5th Place – Melbourne
- Stacey the Who Weekly fan
John moves out when her loud sex sessions become too much to bear.

6th Place – Fitzroy
- Brain the electrician
- Greg the gay school teacher
- AJ
- Satvia who starts going out with John
- Nigel moves into the house and moves in with Satvia
As a result of the fallout from this new relationship, Greg moves out and John follows suit.

7th Place – Carlton
- Ernie
- Martin the Canadian PhD student
- Dave the smoker moves in with his washerwoman girlfriend
- Four other Daves move in
After trying to freeze out the Daves from the house by cutting off the gas and electricity, John gives in and moves to a loft in Fitzroy.

8th Place – Fitzroy
- Wendell the Londoner
After Wendell's threats to kill him, John moves out and sleeps around at friends' places.

9th Place – Auchenflower in Brisbane
- Wayne the Satanic vet
- Danny (the decoy)
- Margot

10th Place – Brisbane goth house (not clear how this move came about)
- Kevin the carpenter
- Slovenian art printer
- Bald goth who lives in the back
- Luke the musician
All the goths run away after the bailiff comes round to collect unpaid rent.

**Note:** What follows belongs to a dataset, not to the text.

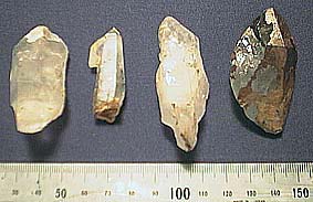 ●残念。これは、結晶面が2面しかなく、頭もない不完全なもの。最初、珍しいうちは、こういうものも拾ったりするが、結果的に持ち帰ってもゴミになるだけ。どうせならこの場で戻そう。決して他の鉱山に捨ててはいけない。(研究者が混乱するからね)<写真の左右10cm>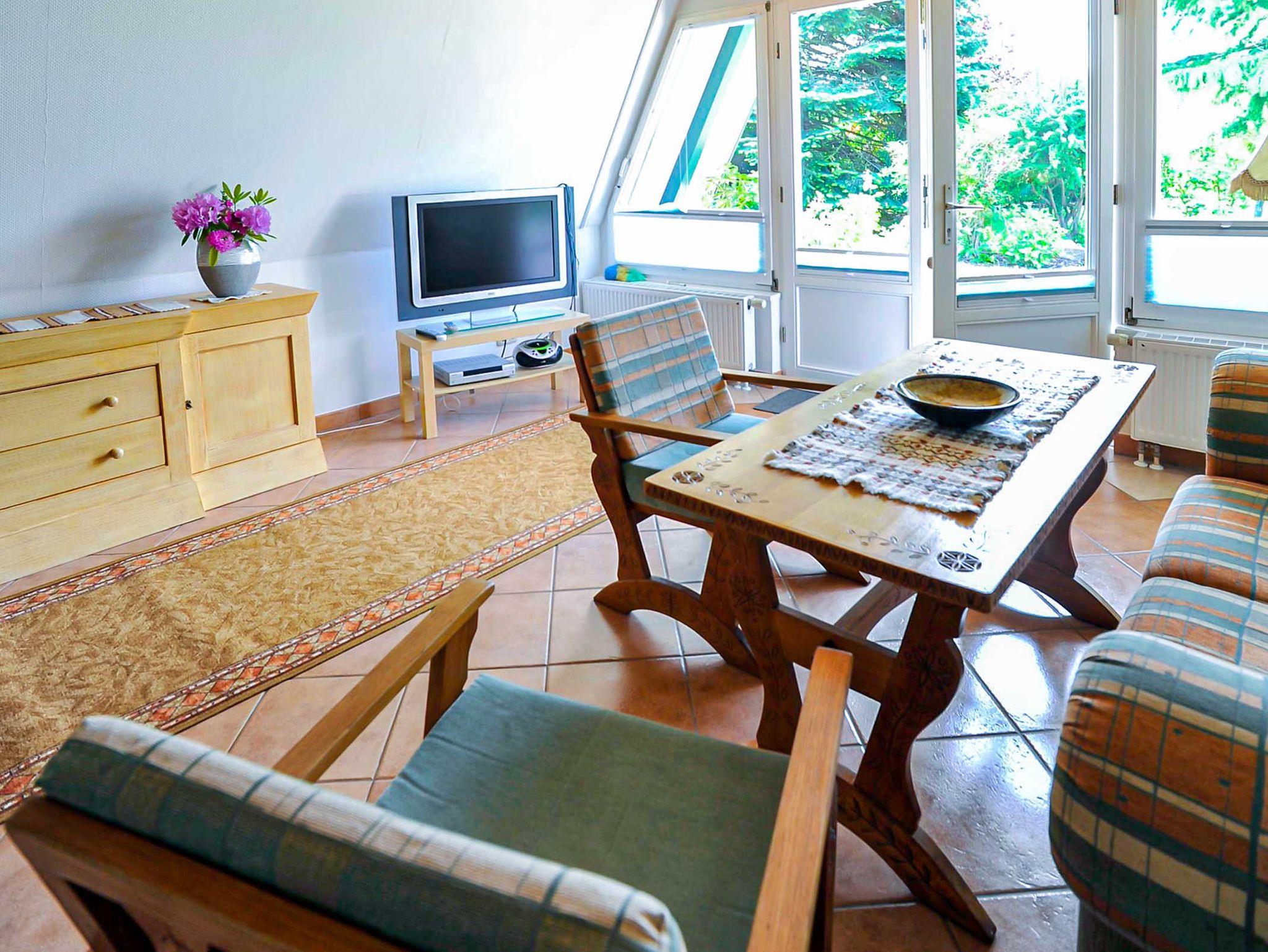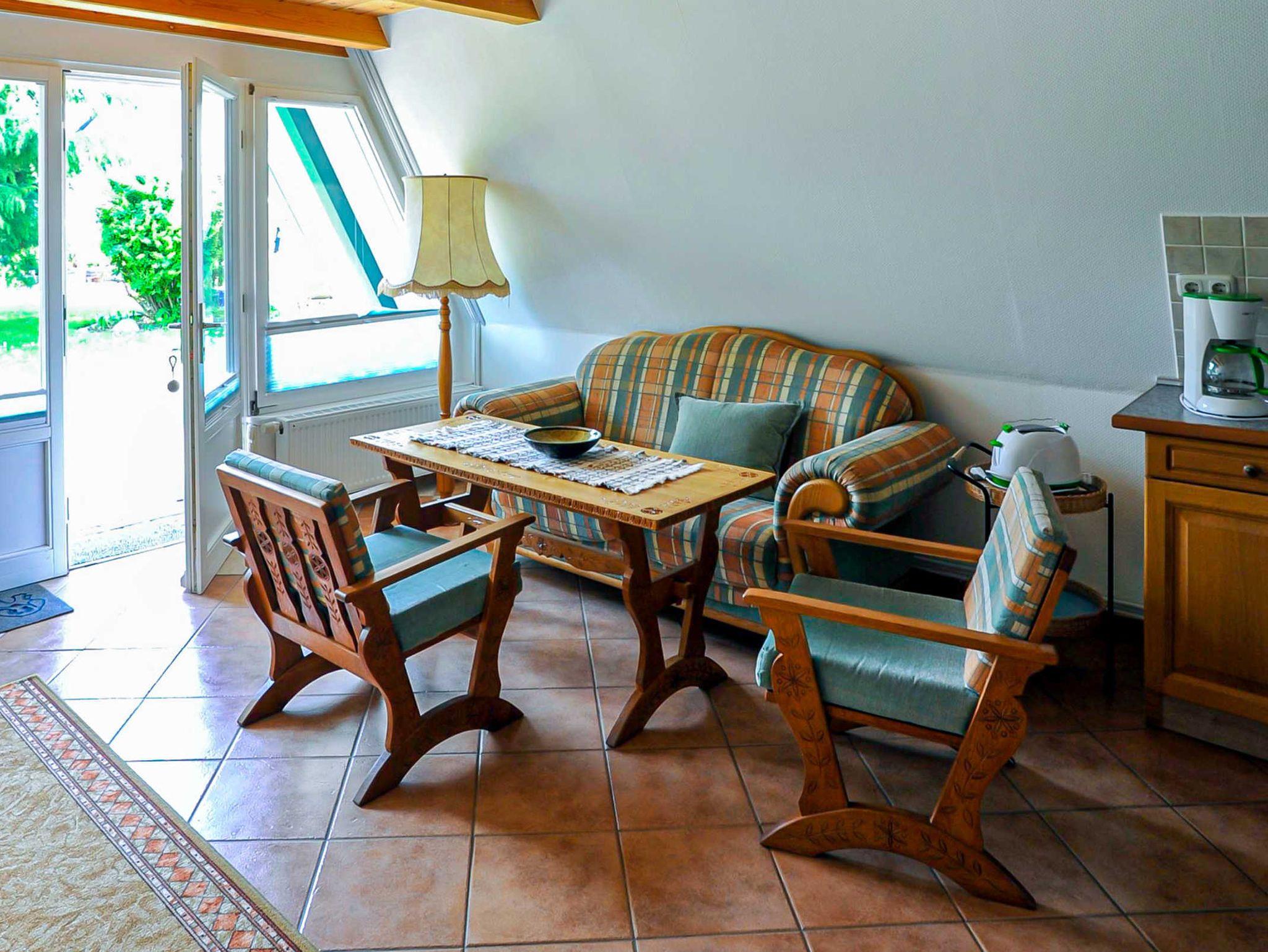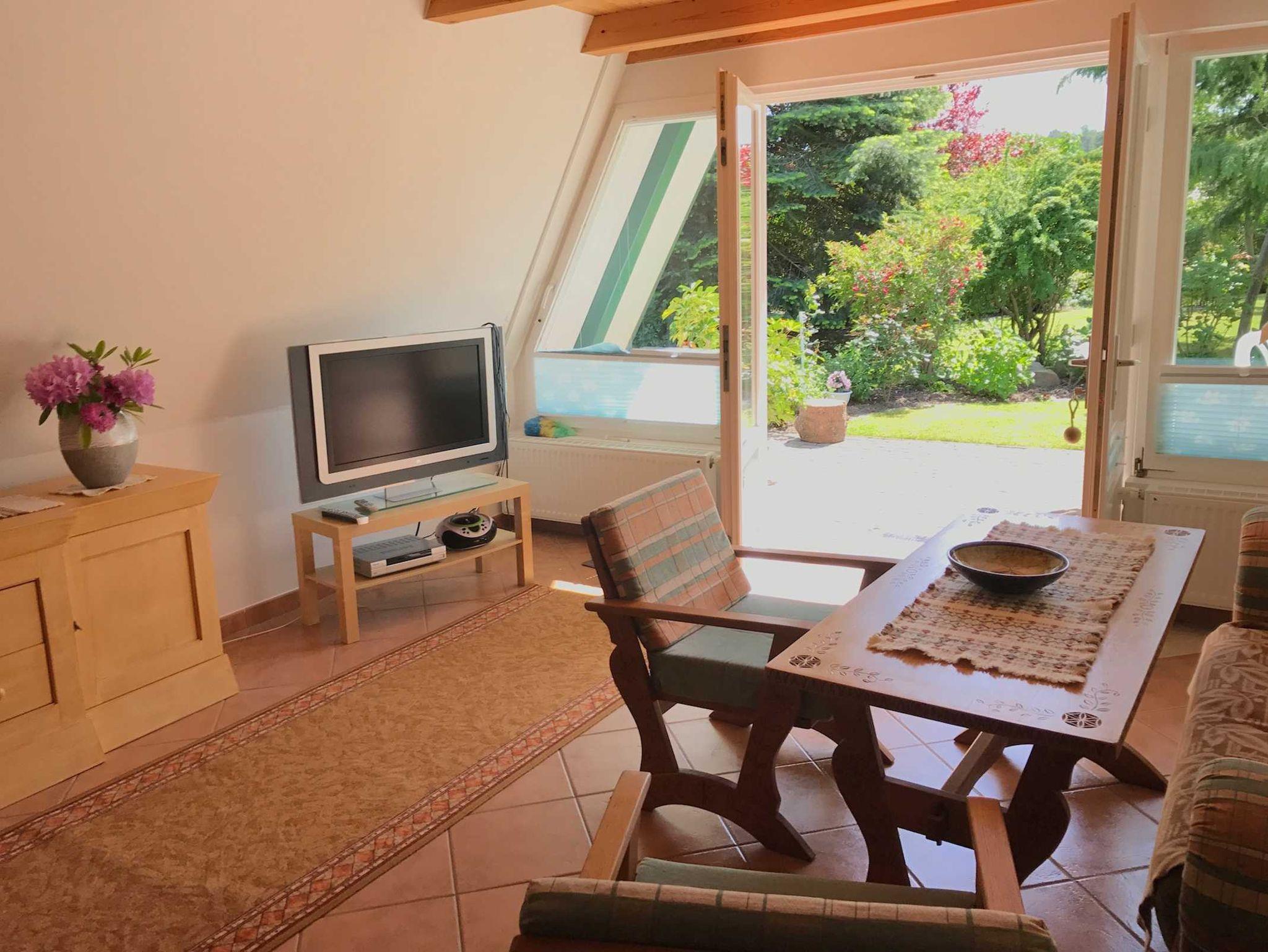 Die Finnhütte ist ein Nichtraucherhaus mit Liegewiese und befindet sich auf dem 1600 m² großen Gartengrundstück des Vermieters im kleinen Fischerdorf Freest. Das Wohn-Esszimmer ist mit Satelliten-TV, Radio, CD-Player und gemütlichen Kaminecke ausgestattet. Die Pantry-Küche verfügt über einen Elektroherd mit Backofen und Ceranfeld, Kühlschrank, Kaffeemaschine und Toaster.

John keeps the house on and in moves:

- Dirk
- Em the banker (at the start of the book it is stated that Emma moves in when Nina moves out)
- "Crazy Nina"
Nina moves out to live with her friend Tanya
- Tanya then moves in after Nina sleeps with her boyfriend. The whole house moves:

11th Place
- Dirk
- Em the banker
- Tanya (possibly)
- New woman moves in to replace Nina but leaves because she is "diagnosed as schizo"
- Taylor the taxi driver moves in
The book then segues to

12th Place – band house in Darlinghurst, Sydney
- Hooper
- Tammy
- Jeremy moves in to escape his former psychotic housemate
- Keith the drummer moves in downstairs

13th Place – Kippax street
- Gina
- Harry the doctor, replaced by
- Kim the vet, replaced by
- "Melissa the junkie" (aka Rowan Corcoran), replaced by
- Duffy the computer programmer, replaced by
- The Dutch guy who lasted two weeks, replaced by
- Giovanna who lasted less than a week, replaced by
- Mosman who no one ever saw, replaced by
- Jimbo who moved in with one of the girls leaving his room free for
- Veronica the proto hippy who was replaced by
- Jonathan, replaced by
- "Downstairs Ivan"
- "Uptight Martin" moves in at the same time
Downstairs Ivan and Uptight Martin move out within three days of each other and are replaced by
- Paul the quiet journalist and
- Homer the air traffic controller
- Yoko San moves in and lasts three weeks, replaced by
- Jeffrey the "junkie" (drug addict)

Birmingham's narrative is interspersed with humorous testimonials from other veterans of the Australian share house lifestyle, and descriptions of common share house paraphernalia, such as the bucket bong, the ubiquitous "brown couch", and milk crates serving as makeshift furniture.

==Public Performances==
In the late 1990s and early 2000s, a group performed a close stage version of the book at the Dorcas Hotel in Melbourne, which was known as a comedy venue at the time. Actors would sometimes change roles between different performances.

==Reception==
In Review called it part of "Brisbane’s Holy Trinity of Gen X Lit... a knockabout comedy, but with serious bits that people always forget are in there, and was required reading for anyone who lived in a share house or who just wanted to read a funny book."